College Algebra Math 130
  • Students will be able to simplify an expression that is either polynomial, rational, radical, exponential or logarithmic.
  • Students will be able to graph a function (or relation) that is either polynomial, rational, exponential or logarithmic.
  • Students will be able to solve an equations that is either polynomial, rational, radical, exponential, logarithmic, or literal.
Fundamentals of Computer Science CSCI 110
  • For a given algorithm students will be able to write the C++ code using a modular approach.
  • Students will be able to read, understand and trace the execution of programs written in C++ language.
  • Students will be able to use data representation for the fundamental data types and perform conversions between binary-hexadecimal-decimal representations.
  • Students will be able to use and differentiate between basic concepts of computer hardware and software.
Java Language and Object Oriented Programming CSCI 145
  • Students will be able to analyze problems and design appropriate algorithms.
  • Students will be able to provide code for a Java class given objects’ attributes and behaviors.
  • Students will be able to code provided algorithms using Java language.
  • Students will be able to use existing Java classes to perform required tasks.
Linear Algebra and Differential Equations Math 285
  • Solve problems pertaining to the definitions of linear transformation, kernel and range. Compute eigenvalues and eigenvectors. Diagonalize a square matrix, with the special case of orthogonal diagonalization of symmetric matrices. Demonstrate matrix representation of a linear transformation, change of bases. 6. Solve linear differential equations of order n with constant coefficients (homogeneous or non-homogeneous,) the methods of undetermined coefficients and variation of parameters with applications to RLC circuits or mass spring systems.
  • Solve problems pertaining to the definitions of vector space, subspace, span, linear dependence and independence, basis and dimension, row and column space and inner product space. Demonstrate the use of the Gram-Schmidt process for orthogonalization.
  • Students can prove and apply facts regarding vector spaces, subspaces, linear independence, bases, and orthogonality.
  • Students will feel that mathematics is a beneficial part of their education
  • Math students feel they have the resources necessary for their success.
  • Evaluate determinants using cofactors and row operations. Demonstrate the properties of determinants and matrix inversion using cofactors.
  • Demonstrate the operations of matrix algebra, row operations for linear systems, and the methods of Gaussian Elimination and matrix inversion for solving linear systems.
  • Identify and solve the following ordinary differential equations (ODEs): separable, 1st order linear.
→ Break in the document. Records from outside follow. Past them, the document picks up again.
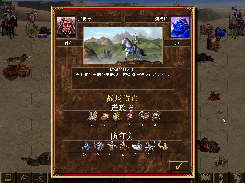 2、你只能从任意英雄中选择一个(不限种族,禁战役人),在一周兵中任选一座城的,不允许进入两座城,英雄自带兵可保留(如果能合到一起的话)。
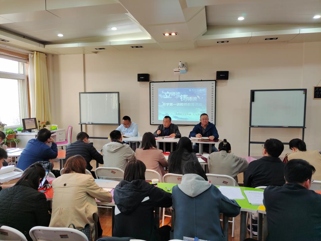 3月11日下午,伟德国际1946源于英国、人文公司在体育馆二楼会议室组织全体教职工开展了“立师德铸师魂”开学第一讲教师教育活动,公司负责人及全体教师参加了会议。
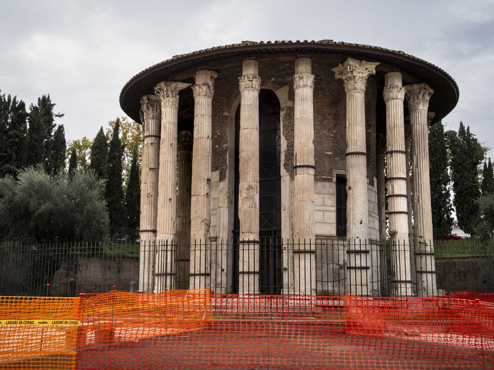 Rome's ancient Temple of Hercules Victor has been through many transformations serving over the years, among other things, as both a pagan temple and Christian church. The earliest surviving marble building in Rome, it dates from the mid-second century BC. Today the old structure continues to evolve, as evidenced by the colorful construction netting that has sprouted around its perimeter.In Rome I am always struck by the collision of the old and new. The city absorbs and thrives on the contrasts. At the ancient Temple of Hercules Victor, colorful orange plastic construction netting is challenging the old building's elegant classical lines. I was compelled to stop and make a shot of this moment in the temple's long history.
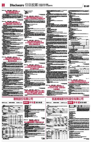 宁夏中银绒业股份有限公司公告(系列) 2015-08-29 来源:证券时报网 作者:
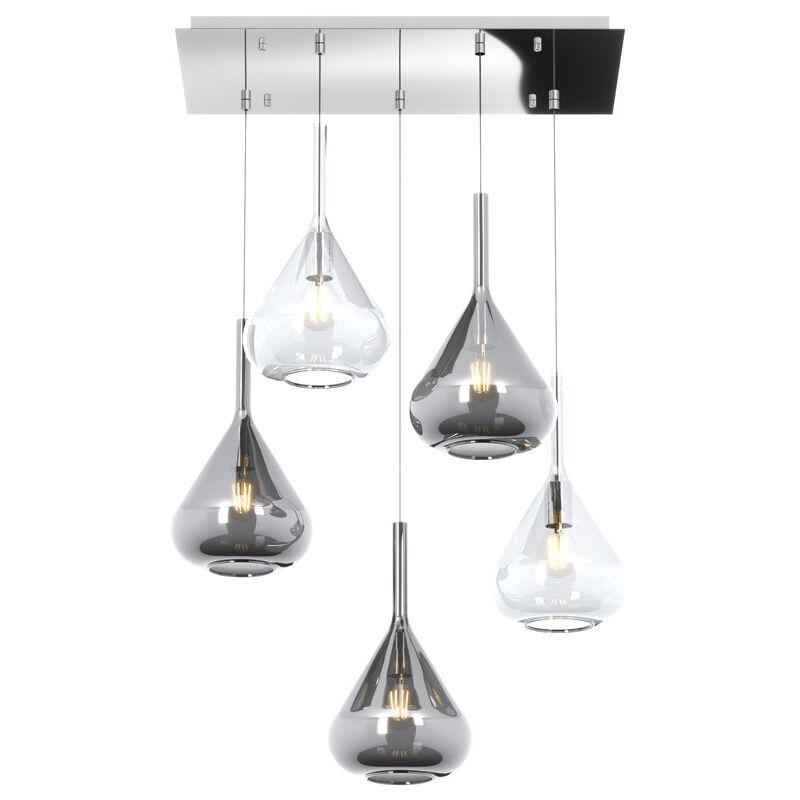 Collezione Kona LAMPADA MODERNA CHE CATTURA LO SGUARDO Sospensione 5 luci con struttura in metallo color cromo, un rosone rettangolare e 5 vetri pirex soffiato colore trasparente e fumè come diffusore.. Le finiture dei vetri disponibili sono trasparente, verde, blu, fumè ed ambra. Le strutture in metallo sono disponibili nelle finiture cromo, bianco e ottone satinato. Nella confezione sarà compreso il portalampada nelle finiture cromo, otttone satinato e bianco, dove il cliente al momento dell' installazione sarà libero di scegliere il colore desiderato.Questo articolo è disponibile in diverse finiture e/o dimensioni. E' possibile indicarlo nell'apposito campo NOTE presente in conclusione di ordine oppure contattarci dopo aver effettuatol'ordine.
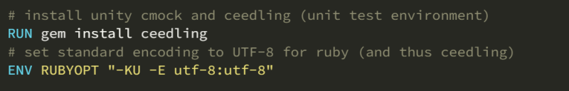 在构建者镜像的第一步中,我们已经安装了ruby,所以,安装单元测试工具变得更加简单:
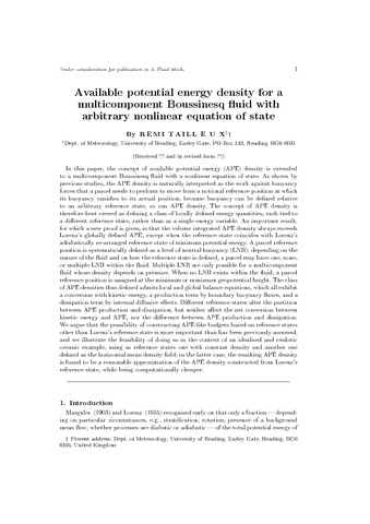 Tailleux, R. orcid id iconORCID: https://orcid.org/0000-0001-8998-9107 (2013) Available potential energy density for a multicomponent Boussinesq fluid with arbitrary nonlinear equation of state. Journal of Fluid Mechanics, 735. pp. 499-518. ISSN 0022-1120 doi: 10.1017/jfm.2013.509
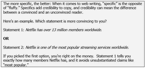 Good web writing should tell your customers what they want to know in the first two sentences. Remember, website visitors come to a site to gather information. If they have to read paragraphs of unnecessary fluff to get to the “meat” of your product or service, they’ll probably move on.
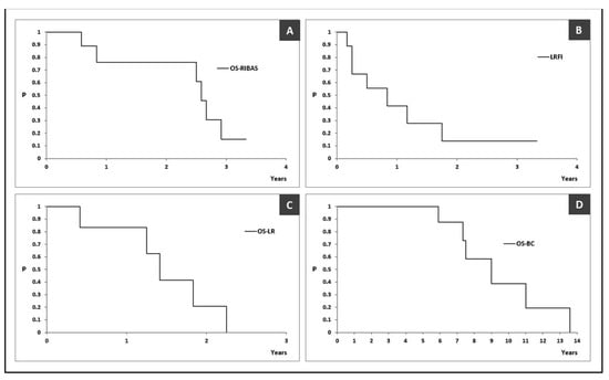 The median OS was 31 (95% CI > 30) months with an estimated 3-year survival rate of 15.2% (95% CI 2.5–91.6%) (Figure 4A). The estimated median LRFI was 10 (95% CI > 3) months (Figure 4B). The estimated median OS-LR and OS-BC were 17 (95% CI > 15) and 108 (95% CI > 88) months, respectively (Figure 4C,D).
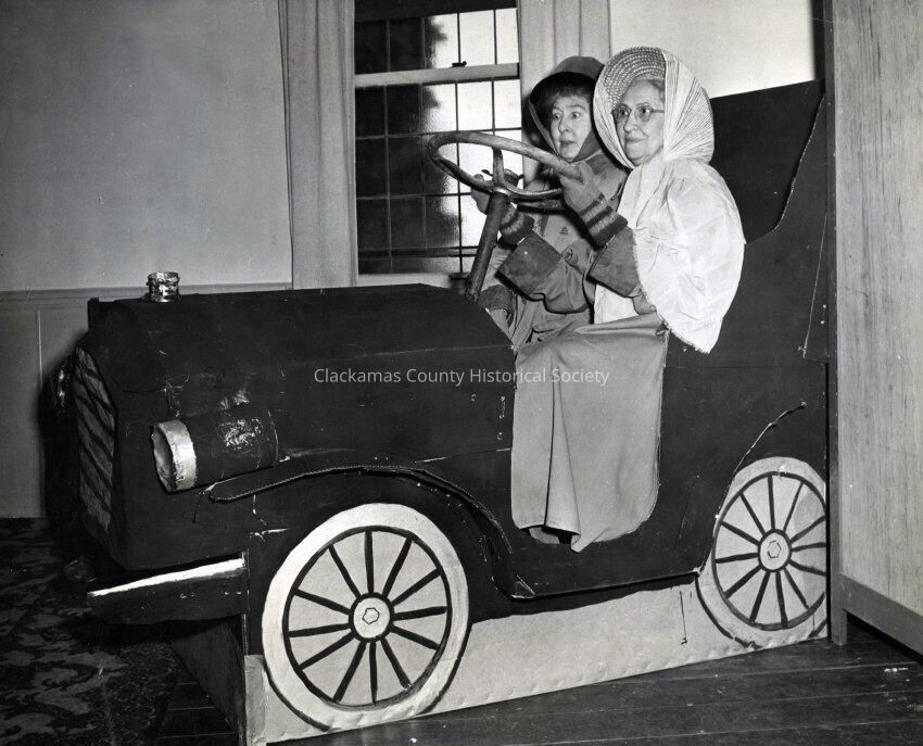 Note on back: "Mrs. Clara Cox (right) and June Charman (left) constructed this "car" from a large paper box from Friedrich's Hardware Store. Other gadgets were added - lamp black used for paint, tin cans for headlights, etc. This was for a church benefit entertainment in 1952. Ha!"Made/Created

Set up and solve differential equations for the following applications: simple and logistic population growth model, simple electric circuits, mixing, orthogonal trajectories. Plot slope fields and numerically solve 1st order differential equations using Euler's and Runga Kutta methods.
  • Apply the Laplace Transform and its inverse, using the rules of the Laplace Transform, along with the 1st Shifting Theorem. Solve linear differential equations with constant coefficients using the Laplace Transform.
  • Express a linear system of differential equations in vector form, and then solve the system using eigenvalues and eigenvectors. Analyze non-linear systems numerically, including phase-plane analysis, using a computer algebra system.
  • Solve ODEs using power series.
Precalculus Mathematics Math 160
  • Students will be able to analyze a variety of functions.
  • Students will be able to solve different types of trigonometric equations.
Trigonometry Math 150
  • The student will be able to accurately solve trigonometric equations over a given interval, including equations that use multiple angles, identities, and quadratic forms.
  • Without the use of a calculator, students will be able to graph the six trigonometric functions in a precise manner, stating the period, amplitude, phase shift, and translation as appropriate.